Newt Gingrich accused President Obama on Wednesday of a secret “radical” plot to end work requirements in welfare reform, brushing aside denials from both the Republican architect of the 1996 bill and the Democratic president who signed it into law.
“I think on the hard left, there is an unending desire to create a dependent America,” Gingrich said.
“It’s not just that Obama is a radical, it’s that the people he appoints are more radical,” he said.” Gingrich also accused Secretary of Health and Human Service Kathleen Sebelius of lying when she pledged to veto state requests to water down work requirements in welfare.
Gingrich joined Mitt Romney and other Republican leaders in contrasting former President Bill Clinton, whom they now hold up as a model of bipartisanship, with Obama.
“In many ways Obama is the anti-Clinton,” Gingrich, who clashed frequently with the president as speaker of the House in the 1990s, told reporters. “Clinton tried to move the party to the center, Obama’s moved it to the left.”
Gingrich also gushed of his former target: “I hope every American when they watch Bill Clinton speak will realize how much weaker and less effective Obama is than the man who is nominating him.” He called Obama “a direct threat to my two grandchildren’s future.”
But Gingrich’s repeated insistence that Obama had gutted work requirements in welfare were flatly false. Despite Gingrich’s praise, Clinton himself decried the latest attacks from the right as “not true” and “misleading.” The Republican aide who crafted the 1996 law, Ron Haskins, said Wednesday that “there’s no plausible scenario under which it really constitutes a serious attack on welfare reform.”
Gingrich said of Haskins’s rebuttal: “I’m sorry that he has such a lack of imagination.”
The HHS memo announcing the new waiver policy explicitly prohibited any changes that would result in fewer jobs for welfare recipients. Romney and Gingrich’s charge also pits them against the Republican governors in Utah and Nevada who requested the waivers. Romney joined dozens of other Republicans in calling for similar changes in a 2005 letter, saying they would help them better administer the program.
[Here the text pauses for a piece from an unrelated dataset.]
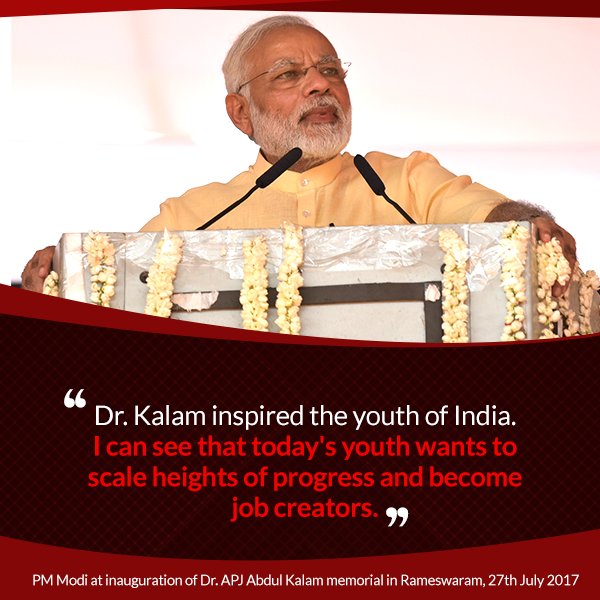 Dr. Kalam inspired the youth of India. I can see that today's youth wants to scale heights of progress and become job creators: PMpic.twitter.com/OAFVSa7uw9

Gingrich dismissed the bipartisan push for waivers, arguing that Utah Gov. Gary Herbert and Nevada Gov. Brian Sandoval “have said bluntly they did not ask for this.” While trying to stay out of the political fray, both governors claim that their own requests were not intended to weaken work requirements, a position the White House says vindicates their changes. Utah’s letter to HHS asking for flexibility in what activities counts toward federally approved work requirements, for example, is similar to language in the HHS memo Republicans claim as their smoking gun.